I think she just wants out  Jaid does this too


----------



## TamaMoo (Jan 12, 2014)

My mom's little guy, Mo, runs back and forth at the bottom of his cage quite often, but instead of squawking, he is saying "Get your groove on!", over and over. I would say that when he was dancing, and he picked up on it rather quickly. 

I always took it to be him dancing, and so does mom. Maybe he is wanting out then?


----------



## Formlesslight (Dec 16, 2013)

My birds pace at the bottom of the cage when they really want out. The pacing speed picks up and the chirps get more urgent when they see me getting a treat out for them and I hadn't opened the cage doors yet.


----------



## ~Drini~ (Nov 16, 2013)

Mine occasionally do this too, but they do it while staring at something that isn't really there.
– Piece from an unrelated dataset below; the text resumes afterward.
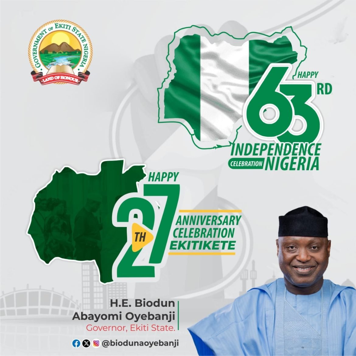 The Governor congratulated all Ekiti people on the 27th anniversary of the state creation and also thanked those whose toil and sweats brought it about its realization saying “As we are thankful to God for how long we have gone as a people, we also need to reflect on the unity of the past that gave us the State and the need to do even far more to achieve more.”

It's kinda odd, because they look really interested in some thing that I cannot see!

But normally it should mean that they want out.


----------



## nassrah (Feb 27, 2012)

When they do that,it means Mommy, I am bored,cant you see !!! I want out!!!NOW!!!!
X x


----------



## eduardo (Jan 27, 2012)

Yes, mine do that too, lol. When they want out.


----------